For this exercise, copy the data exactly and omit any images.

• **INFORMATION SHOWN**:
■ ■ ■ ■ ■ ■ ■
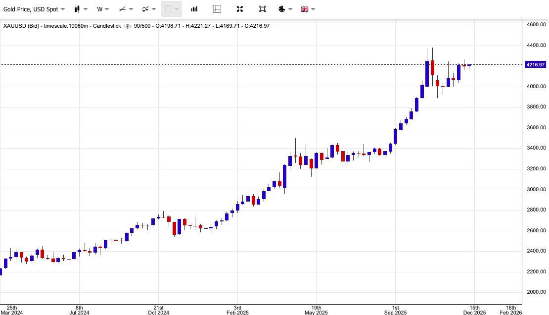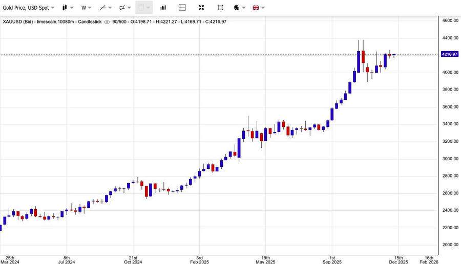 Chốt phiên giao dịch, giá vàng giao ngay tăng 0,6% lên 4.212 USD/ounce và giá vàng giao tháng 2 tăng 0,4% lên 4.236 USD/ounce.
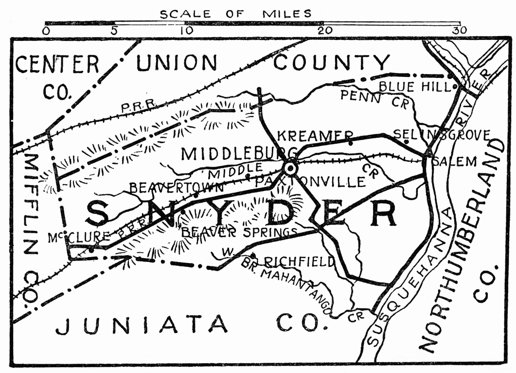 FORMED March 2, 1855, named for Hon. Simon Snyder, Governor of Pennsylvania, 1808-17; three terms; noted as the first governor to urge legislation for free public schools; he was the great war governor of 1812; served in the Assembly from 1789-1808, and was speaker of the House from 1802-08; he lived at Selinsgrove. From end of Northumberland Bridge, built by Theodore Burr in 1814, on West Branch of the Susquehanna; the road leading south to Selinsgrove passes Blue Hill, noted for beautiful scenery. On top was formerly Hotel Shikellimy, burned in 1895; on one of the rocks overhanging is a natural profile named for Shikellimy, who sauntered about here. Farther on is a single arch stone bridge; for half a mile, beginning at this bridge, is a state road built by the Commonwealth of Pennsylvania. Governor Pennypacker handled the first shovel of dirt in 1904; it was laid out first by James F. Linn in 1829, has since been extended.
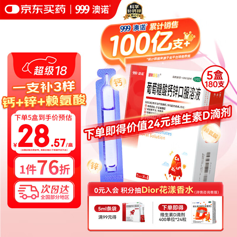 澳诺葡萄糖酸钙锌5ml*180支 浏览加购砸85折券109.8亓 赠达因维
■ ■ ■ ■ ■ ■ ■
• **EXERCISE RESULT**:
 Chốt phiên giao dịch, giá vàng giao ngay tăng 0,6% lên 4.212 USD/ounce và giá vàng giao tháng 2 tăng 0,4% lên 4.236 USD/ounce.
 FORMED March 2, 1855, named for Hon. Simon Snyder, Governor of Pennsylvania, 1808-17; three terms; noted as the first governor to urge legislation for free public schools; he was the great war governor of 1812; served in the Assembly from 1789-1808, and was speaker of the House from 1802-08; he lived at Selinsgrove. From end of Northumberland Bridge, built by Theodore Burr in 1814, on West Branch of the Susquehanna; the road leading south to Selinsgrove passes Blue Hill, noted for beautiful scenery. On top was formerly Hotel Shikellimy, burned in 1895; on one of the rocks overhanging is a natural profile named for Shikellimy, who sauntered about here. Farther on is a single arch stone bridge; for half a mile, beginning at this bridge, is a state road built by the Commonwealth of Pennsylvania. Governor Pennypacker handled the first shovel of dirt in 1904; it was laid out first by James F. Linn in 1829, has since been extended.
 澳诺葡萄糖酸钙锌5ml*180支 浏览加购砸85折券109.8亓 赠达因维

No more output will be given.